**Exercise goal:**
The answer is the first line of the listing and every line after it through the one containing "2001年以来、久しぶりのド", exact, with pictures removed.

**Given data:**
......

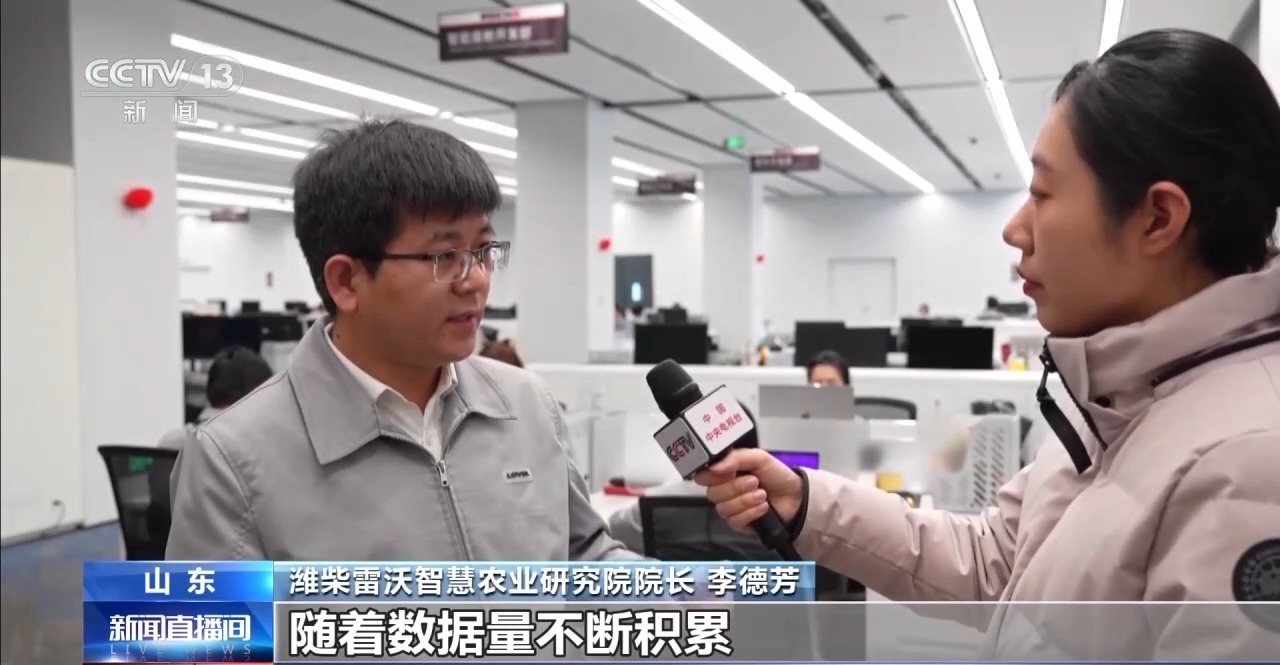 潍柴雷沃智慧农业研究院院长 李德芳:实际上农机变成了一个可移动的智能终端,它上面搭载了各种传感器,作业过程中去采集各种作业的信息,这些数据到了(AI)模型去做一个融合,这样的话帮助农机作业更精准。
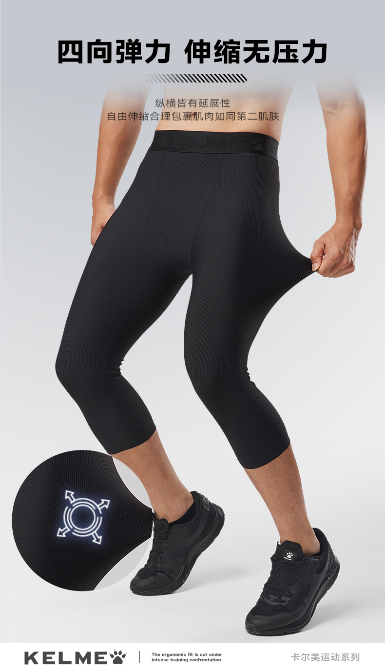 卡尔美新款男士紧身七分裤
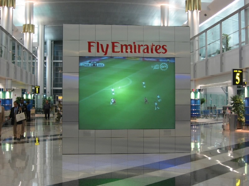 2001年以来、久しぶりのドバイ国際空港。明るくきれいなところは変わらないが、今はワールドカップ期間中ということもあり、大きな液晶画面ではポルトガル-メキシコの試合が流れているので見ながらしばし過ごす。日本時間は朝なので、妙に眠い。2時間ほどはそのままほとんど動けず、うとうとしたりぼーっとしたり。しばらくすると小腹がすいてきたので、関空ローソンで買ったおにぎりをおいしくいただきましょう。6時半となり、そろそろ動きますか。まだ出発ゲートが表示されていないので、とりあえずは免税店エリアへ。
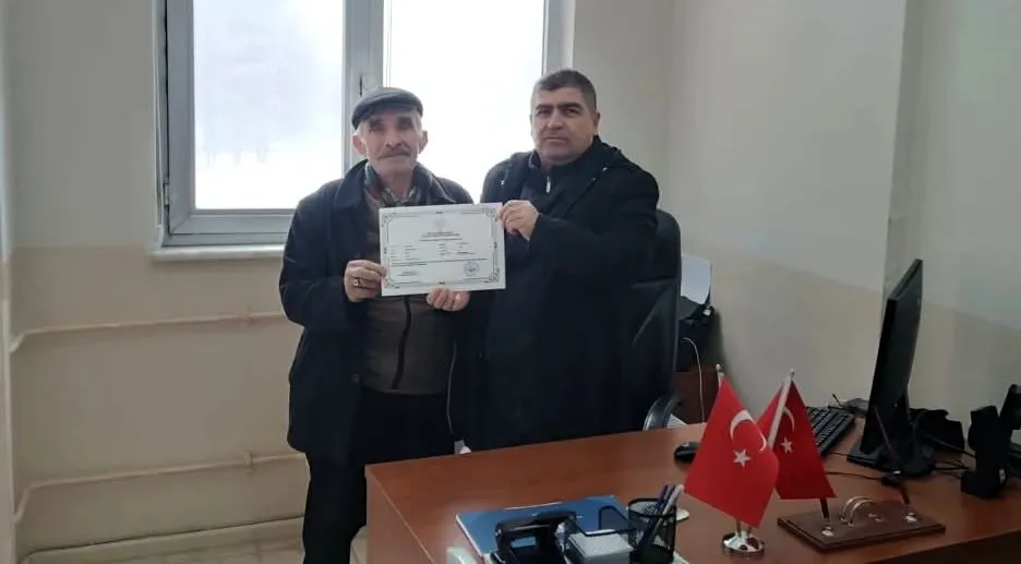 82 yaşındaki Mustafa Dalkılınç, Doğanşehir Halk Eğitim Merkezi tarafından düzenlenen okuma yazma kursunu başarıyla tamamlayarak eğitimin yaşı olmadığını gösterdi.

......

**Solution to this task:**
 潍柴雷沃智慧农业研究院院长 李德芳:实际上农机变成了一个可移动的智能终端,它上面搭载了各种传感器,作业过程中去采集各种作业的信息,这些数据到了(AI)模型去做一个融合,这样的话帮助农机作业更精准。
 卡尔美新款男士紧身七分裤
 2001年以来、久しぶりのドバイ国際空港。明るくきれいなところは変わらないが、今はワールドカップ期間中ということもあり、大きな液晶画面ではポルトガル-メキシコの試合が流れているので見ながらしばし過ごす。日本時間は朝なので、妙に眠い。2時間ほどはそのままほとんど動けず、うとうとしたりぼーっとしたり。しばらくすると小腹がすいてきたので、関空ローソンで買ったおにぎりをおいしくいただきましょう。6時半となり、そろそろ動きますか。まだ出発ゲートが表示されていないので、とりあえずは免税店エリアへ。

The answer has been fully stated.